Supplied information: Begin

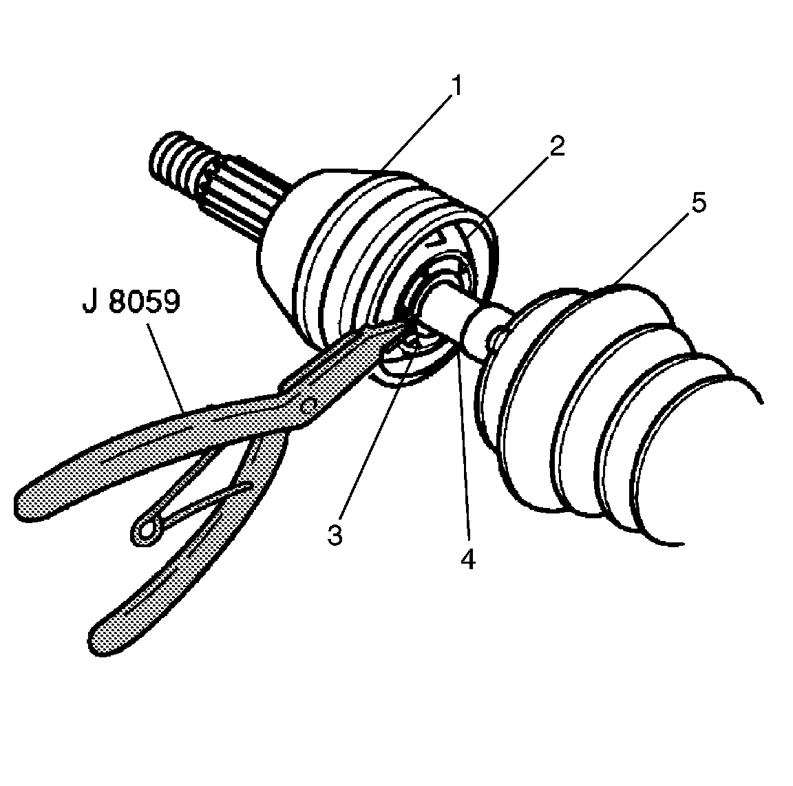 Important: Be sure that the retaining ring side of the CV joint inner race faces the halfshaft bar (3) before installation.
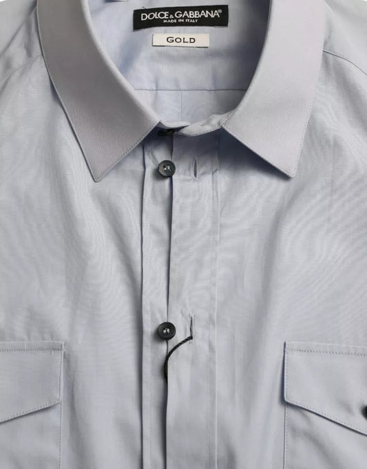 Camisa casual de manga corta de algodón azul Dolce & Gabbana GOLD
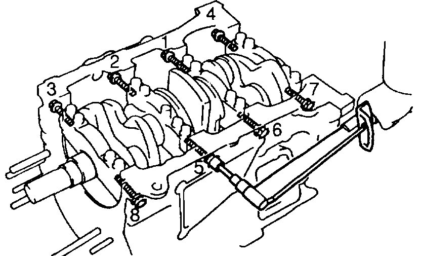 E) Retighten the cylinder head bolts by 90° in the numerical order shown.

Supplied information: End

No pictures should appear in the copy; write out exactly the lines from the one containing "Camisa casual de" through the end of the material.

Solution:
 Camisa casual de manga corta de algodón azul Dolce & Gabbana GOLD
 E) Retighten the cylinder head bolts by 90° in the numerical order shown.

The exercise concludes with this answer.